The problem, as Rusty pointed out, is that nobody can find the documentation 
we've got because it's horribly indexed.

There's Documentation/ and "make htmldocs" in the kernel, which don't 
cross-reference each other.  Each of those has strong structural constraints: 

  Documentation is text and thus doesn't link out to the rest of the world
  gracefully.  The index really needs to be HTML because it's going to link to
  other HTML, PDF, video, wikis, tarballs of example code, source control web
  interface entries with an interesting checkin comment, and strange things I
  haven't even encountered yet.

  The htmldocs output is generated from the kernel source.  It doesn't even
  link out to the text files in Documentation most of the time, let alone out
  to the web.

People assume including all the documentation into the kernel tarball is a 
reasonable thing to do, but just the Ottawa Linux Symposium PDF files total 
several megabytes, and that's a single source of information, only about half 
of which is actually relevant to the kernel.  (Selecting that half turns out 
to be nontrivial, and it changes over time as speculative things turn real 
and other stuff goes the way of "caloric fluid".  Reiser 4 has bounced back 
and forth something like 5 times now.)

There's documentation out on developer's web pages.  There's documentation in 
wikipedia.  There's documentation on "magazine" style websites (Linux Weekly 
News, Kerneltrap, Linux Journal, and more).  There's documentation in 
developer blogs (kernelplanet.org aggregates several).  There's documentation 
on project pages on sourceforge.  There's documentation in wikis like 
kernelnewbies or Rik van Riel's mm stuff.  There's documentation in freely 
available online books like Linux Device Drivers and Mel Gorman's memory 
management book.

Lots of the time, the _rationale_ for something was explained on linux-kernel 
and the best thing to do to really understand it is link to three or four 
messages out of an lkml archive.  And sometimes, you need a summary.  
(Summarizing the recent GPLv3 discussion from the kernel developers' 
perspective isn't something I'm looking forward to, and no linking to a 1000+ 
message thread and saying "read this" is not a substitute for a coherent 
summary.  Jonathan Corbet does this kind of stuff, but it was still in 
progress last time he wrote about it, and he didn't really try to extract a 
coherent policy decision out of the flamewar and bounce it off Linus for a 
thumbs up/thumbs down.)

So I'm focusing on indexing all this existing (and new) documentation.  I'm 
writing a few bits that I happen to think I know about, or that people come 
to me and ask "where can I find documentation on this" and I can't find any, 
so I research it and write it.  But mostly I'm attempting to turn 
http://kernel.org/doc into the first stop to find something else.
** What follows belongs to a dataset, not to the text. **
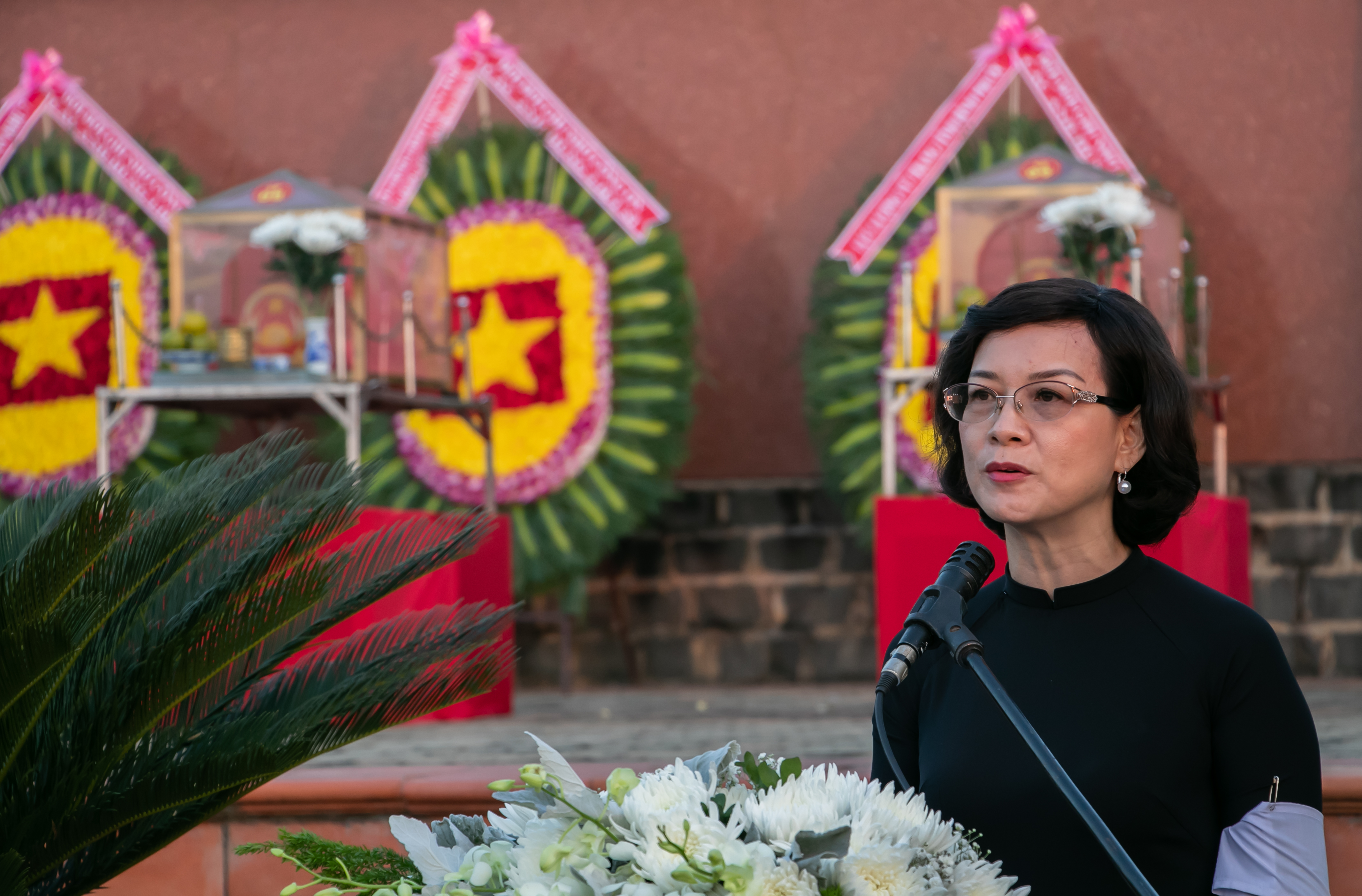 Đồng chí Trần Tuyết Minh – Trưởng Ban Tuyên giáo Tỉnh ủy Bình Phước đọc điếu văn tại buổi lễ.

Currently, that page is horrible, mostly because keeping up with the influx of 
NEW information that needs organizing is almost impossible and the huge pile 
of existing information gets neglected.  (I spent almost three months on 
triage, which is kind of frustrating.)  But I'm getting on top of it and hope 
to have a useful (if skeletal) index up there by the end of the week.  
(Moving back to Austin is screwing it up but I'm -><- this close, darn it.)

To get the old to-do heap under control, most of linux-kernel is falling on 
the floor, my to-read pile of things linked from lwn is getting laughably 
long, things are sometimes scrolling off the bottom of kernelplanet.org 
before I get to them, and so on.  But once I've got a skeleton to hang things 
on, I can delegate bits of it (like the whole VFS documentation and 
filesystems under it) to other people.


There's a mailing list, linux-doc@vger.kernel.org, that was _made_ for this 
kind of discussion.  I'm happy to have people tell me what I'm doing wrong, 
make suggestions, or volunteer to tackle some problem.  (Note, after the 
recent hotplug documentation thread, I feel the need to clarify that "you are 
an idiot" does not, in and of itself, qualify as useful feedback.)


Agreed.  Keep in mind that whatever your infrastructure is, you will never be 
generating the bulk of the contributions to it.  You will be integrating 
outside contributions.  And the outside contributions are primarily in HTML 
and PDF these days.  (Postscript less so, but it's still there.  And the 
occasional batch of "source formats" (tex, docbook, etc) from which HTML and 
PDF get produced, but if a web browser can't view the data format directly 
the audience for the documentation's going to be about three people, 
including the author.  Source code comments are an exception to this, but 
that can of worms is familiar enough here already.  I note that man pages are 
also sort of an exception, but a rapidly diminishing one as things like 
doclifter get off the ground.  I note that the maintainer of the man-pages 
package now has his own http://kernel.org/doc/man-pages directory because he 
wants to generate his own html versions rather than having me do it with 
doclifter.  The masters for most of the man pages are now in docbook anyway.)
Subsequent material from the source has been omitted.